# How to install BMC (Manual Boost Controller) ???



## CrossFlowGolf (Feb 6, 2002)

I have searched and searched for the DIY for installing a MBC for a 1.8T. I looked in this forum plus the MKIV Forum searching for both MBC and Manual boost Controller with no luck.

I tried installing one by disconnecting the two hoses that come of the N75 valve and plugging those into the MBC. I capped the N75 ends and left it plugged in. When I do this not matter which way I plugged the hoses in, I could not boost more than 5 lbs of boost.

Is there a write up or any pictures on what to do? I think I have done it correctly and perhaps have a faulty MBC (it is used.) 

Any help would be greatly appreciated!


----------



## machx0r (Feb 25, 2001)

What are you doing to limit the MAP sensor and keep the ECU from throwing you into limp mode?


----------



## CrossFlowGolf (Feb 6, 2002)

machx0r said:


> What are you doing to limit the MAP sensor and keep the ECU from throwing you into limp mode?


Sorry for my ignorance on this but I have no idea. 

Things done to the car. APR Chip, Intake, 3"TB exhaust, TIP, pulleys, and DV.

I am getting my K04 put on and I just had my boost gauge installed and I want to have the MBC done before I put my new turbo on as well.

As far as limiting the MAP Sensor unless the chip does that, I guess I am not. How would one do this?


----------



## MightyDSM (Apr 16, 2006)

CrossFlowGolf said:


> Sorry for my ignorance on this but I have no idea.
> 
> Things done to the car. APR Chip, Intake, 3"TB exhaust, TIP, pulleys, and DV.
> 
> ...


Do you even know why you want MBC installed?


----------



## chaveezy (Jan 31, 2010)

Depending on what stage chip you have it should be controlling your boost using your N75 valve. You should be around 14 psi? Once you have the K04 installed it should be seeing more like 18-22psi. All the N75 does is bleed off the vacuum going to the wastegate actuator so that it will boost more than the pre-defined spring tension.

See posts;

http://forums.vwvortex.com/showthread.php?2530340
http://forums.vwvortex.com/showthread.php?2476457

Check these out.


----------



## CrossFlowGolf (Feb 6, 2002)

MightyDSM said:


> Do you even know why you want MBC installed?
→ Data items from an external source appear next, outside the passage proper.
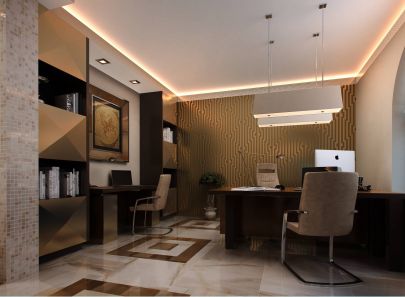 Рабочие места размещаются у окон, а также вдоль стен. Каждое освещается подвесным линейным светильником. Окрашенные в бежевый тон гладкие стены гармонируют с такой же напольной плиткой под мрамор. Крупные фигуры квадратов выложены на полу холла темной коричневой плитой. В поддержку цветовому акценту одна из стен выделена пестрыми коричневыми обоями с ромбическим рисунком.
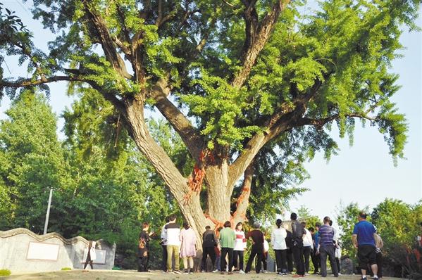 許村白果樹 位于商水縣鄧城鎮(zhèn)許村西,為西漢時(shí)期種植。1983年被定為縣級(jí)重點(diǎn)文物保護(hù)單位。 白果樹學(xué)名銀杏,以壽命長(zhǎng)而著稱。許村白果樹高20米左右,胸圍7.5米,覆蓋地面1畝許。三國(guó)時(shí)期修灌溉渠道,堆土封在樹身上,地平面使樹干留下細(xì)腰,后雨水沖刷使地面降低,露出樹根,外皮綻破,被后人傳說(shuō)為漢光武帝劉秀在此歇息時(shí)拴馬所勒。 歷經(jīng)千年風(fēng)霜,白果樹仍枝葉繁茂,蒼勁挺拔,成為遠(yuǎn)近聞名的壽星古樹和人文景觀。
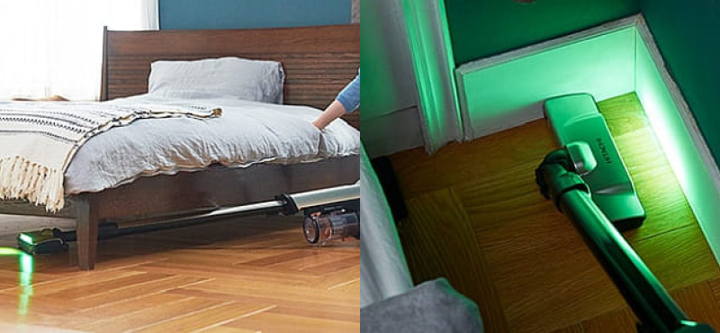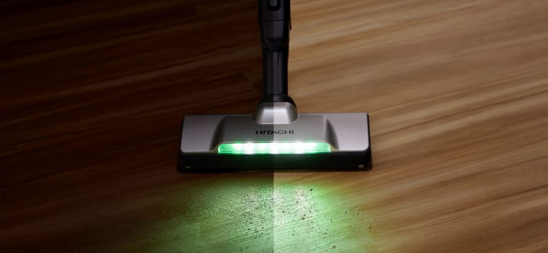 Białe i zielone diody LED oświetlają odkurzane miejsce i pozwalają zobaczyć nawet drobne zanieczyszczenia. Zielone światło jest zbliżone do długości fali, przy której wydaje się najjaśniejsze i tworzy kontrast jasności między kurzem a podłogą, aby jeszcze łatwiej dostrzec kurz. Dodatkowo, nowo zaprojektowana obudowa lamp skutecznie zbiera światło 7 LED i oświetla podłogę przed odkurzaniem. Dzięki temu trudno dostrzegalny pył wyróżnia się nie tylko w ciemnych, ale także na jasno oświetlonej podłodze.

I don't want to spike, I want to make sure not to boost more than 20-22psi especially when I get my K04-001 installed. 



chaveezy said:


> Depending on what stage chip you have it should be controlling your boost using your N75 valve. You should be around 14 psi? Once you have the K04 installed it should be seeing more like 18-22psi. All the N75 does is bleed off the vacuum going to the wastegate actuator so that it will boost more than the pre-defined spring tension.
> 
> See posts;
> 
> ...



Cool thanks for the heads up. Right now with my stock K03s and my APR chip in 3rd gear and up I hit 17.5 lbs all day long. I am going to get the K04 program before I put my turbo on. I am going to run in stock mode until the turbo is installed and then turn up the boost once everything is done.


----------



## Cryser (Sep 9, 2009)

Just get the KO4 chip and leave the MBC off, there is no reason to turn up the boost on a k04 tune they are all pretty much maxxed out anyway just from the chip, if anything you'll want to use the MBC in parallel and use it to help limit boost spikes.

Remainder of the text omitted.